Implant positioning in the EM group was comparable to IM instrumentation in the final alignment but showed a reduced distribution within the average value, especially in the sagittal plane. On the frontal plane, no patients operated on with EM guide were outside 3 degrees of alignment range, while 22% in the IM cohort had a final alignment outside 3 degrees of range. Although recent studies[13] [14] questioned the role of overall TKA postoperative alignment in implant survival, most of the authors[1] [2] [10] [15] still advocate placing the implant within 3 degrees of a neutral mechanical axis. Fang et al,[10] in their retrospective study, based on 6,070 TKA patients looking for implant survival in well-aligned knees compared with that of the outliers (more than 3 degrees of valgus or varus alignment) reported that well-aligned TKAs has a longer survival than ones placed in varus or valgus alignment. Wear of the polyethylene tibial bearing surface is a leading cause of failure in knee replacements performed in the last decade due to limb malalignment, patient-related, and implant-related factors.[16]
In the present study, EM guide demonstrated proper distal cut alignment with respect to the femoral mechanical axis on the frontal plane. Patients operated with EM guide were all inside the alignment range (100%), whereas the standard alignment in the IM group was observed in 78% of the cases. Nam et al[7] using a different inertial-based EM guide system reported no significant difference in the number of TKAs within 3 degrees of a neutral mechanical alignment compared with a conventional IM system in a cohort of 94 patients. However, a trend was seen in the EM cohort toward a higher percentage of implants being in the correct alignment range (89.4% vs. 74.5%). Scuderi et al[6] described the results of another EM inertial-based guide. The authors included 25 patients and reported results from the first 14. The femoral mechanical axis showed an average accuracy of 0.4 ± 0.95 between the confirmed bone surface and the postoperative computed tomography (CT).

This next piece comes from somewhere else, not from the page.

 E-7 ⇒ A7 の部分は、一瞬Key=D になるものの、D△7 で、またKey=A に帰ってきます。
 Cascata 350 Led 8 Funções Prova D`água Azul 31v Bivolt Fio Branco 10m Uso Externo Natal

A clear advantage of the smart EM cutting guides is the easy to use and the shorter surgical time compared with CAS. Navigation systems is more complex to setup compared with the EM guide as only one pin is required to close the system and the acquisition process is quick and easy. Goh et al[17] included 76 patients and compared the results of the EM inertial-based guide and CAS. They reported no significant difference in clinical outcomes between the two groups. The duration of surgery, however, was significantly longer in the CAS group (101 ± 11 minutes), compared with the EM group (84 ± 21 minutes). The percentage of patients with an alignment within 3 degrees of a neutral mechanical axis for the EM group was 92.1%, which was comparable to the CAS group and to other studies of large-console CAS systems.[11] [18] [19] [20] [21] The authors found reproducible accuracy in component alignment with inertial-based femoral resection.

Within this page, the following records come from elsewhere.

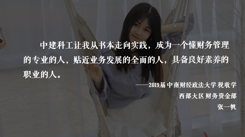 中建科工集团有限公司(原中建钢构有限公司)隶属于世界500强中国建筑股份有限公司,是中国最大的钢结构产业集团。正是这样的平台能给员工提供更多标准化的工作机会和先进思维赋能,得以让王阳在职业生涯拥有一个良好的开端。
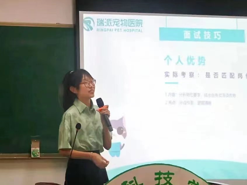 本次就业指导会议内容分为三部分:今年会jinnian官网院长林蠡分享人生阅历、瑞派南华宠物医院管理(深圳)有限公司招聘专员林冬青分享简历制作和面试的技巧以及优秀校友郭海祥分享行业生涯。
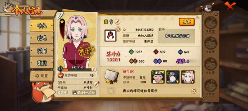 火影忍者【安卓QQ】新区开荒号有2.8w金币 刚开服半月

Another crucial aspect in the positioning of the femoral component is flexion in the sagittal plane. In the present study, the EM cutting guide proved better in terms of flexion of the femoral component, but again this difference was not significant. Kim et al[15] found a connection between sagittal femoral component alignment and early component failure. Out of 3,048 knees investigated at 15.8 years, 3.3% of flexed required revision while no neutrally aligned femoral implants required revision. Maderbacher et al[2] found that IM alignment rods caused a mean sagittal alignment of the cutting block of 4.4 degrees of flexion in relation to the mechanical femoral axis. In only 25% of the observed cases, a flexion within a range of the desired value of 0 to 3 degrees was obtained. The authors concluded that exact sagittal femoral component alignment could only be achieved by navigation devices. In the current study there was no significant difference between EM and the IM cutting guide; however, once again EM guide tended to perform better.

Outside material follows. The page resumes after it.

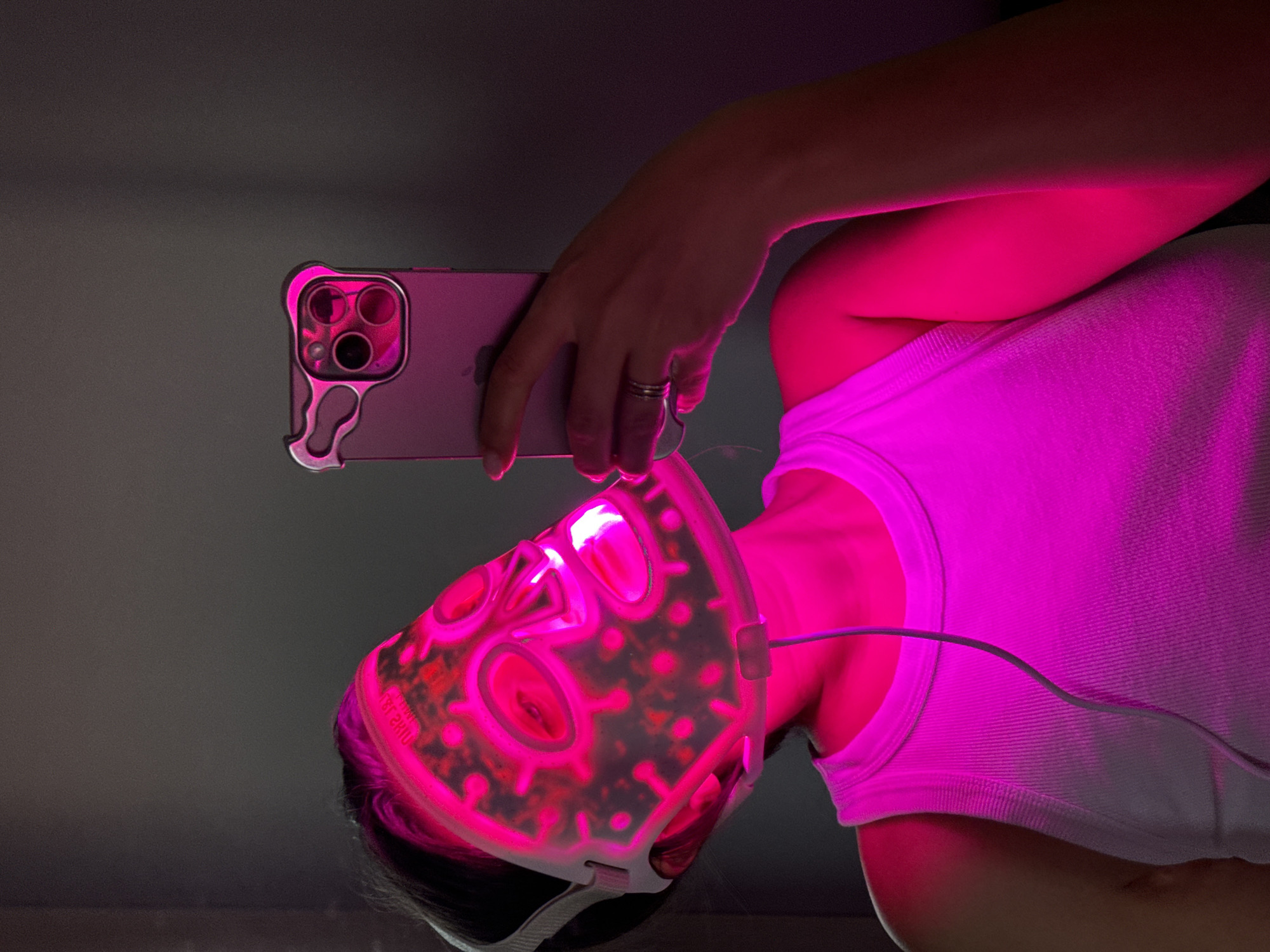 An individual is depicted indoors in Vnukovo, Russia, captured from the upper torso upwards. The person, with dark hair, is wearing a white ribbed tank top and is actively taking a photograph or video using a smartphone. The smartphone, an iPhone model with a triple camera array and a distinctive clear or translucent protective case featuring a carabiner-style attachment point, is held vertically in the subject's right hand, angled towards their face. A ring, appearing as two thin bands, is visible on the ring finger of the right hand. The subject's face is obscured by a translucent white LED light therapy mask, which is actively emitting a strong magenta-pink light. This light illuminates the mask's internal structure and circuitry, casting a prominent pink glow over the subject's skin, clothing, and the smartphone. A white power cable extends from the lower right side of the mask, running down the front of the subject's chest. The immediate background is a dark, featureless surface, indicating an indoor setting with the primary illumination originating from the LED mask.

The present study found that, using EM guide, fewer days of hospitalization were necessary compared with patients who underwent TKA using conventional IM guide, albeit this difference was not statistically significant.
The present study has some limitations. First, the choice of using traditional X-rays in place of CT implies possible measurement errors due to limb rotation. Standing AP hip-to-ankle radiographs and lateral knee-to-ankle radiographs were used. It is possible that CT is a more accurate radiologic method, as radiographs can be subject to rotational variations. However, CT has several disadvantages, including radiation exposure and metallic artifacts, and hip-to-ankle radiographs are easily obtained in the routine follow-up, avoiding an increase in the costs of the study. Radiographers were trained to obtain consistent films, and radiographs were repeated if malrotation was detected. Further, it has been shown that radiographs are reproducible for assessing implant placement[22] [23] and have less exposition to radiation. The second limitation was the low number of patients and the lack of follow-up. Lastly, it is difficult to draw conclusions from this study regarding the “learning curve” that is required in the use of the accelerometer-based navigation device. The inclusion period took a considerable amount of time, and surgeons in the study would often go for several months without using this technique. However, a previous cadaveric study has demonstrated a rapid learning curve with inertial-based cutting guides.[19]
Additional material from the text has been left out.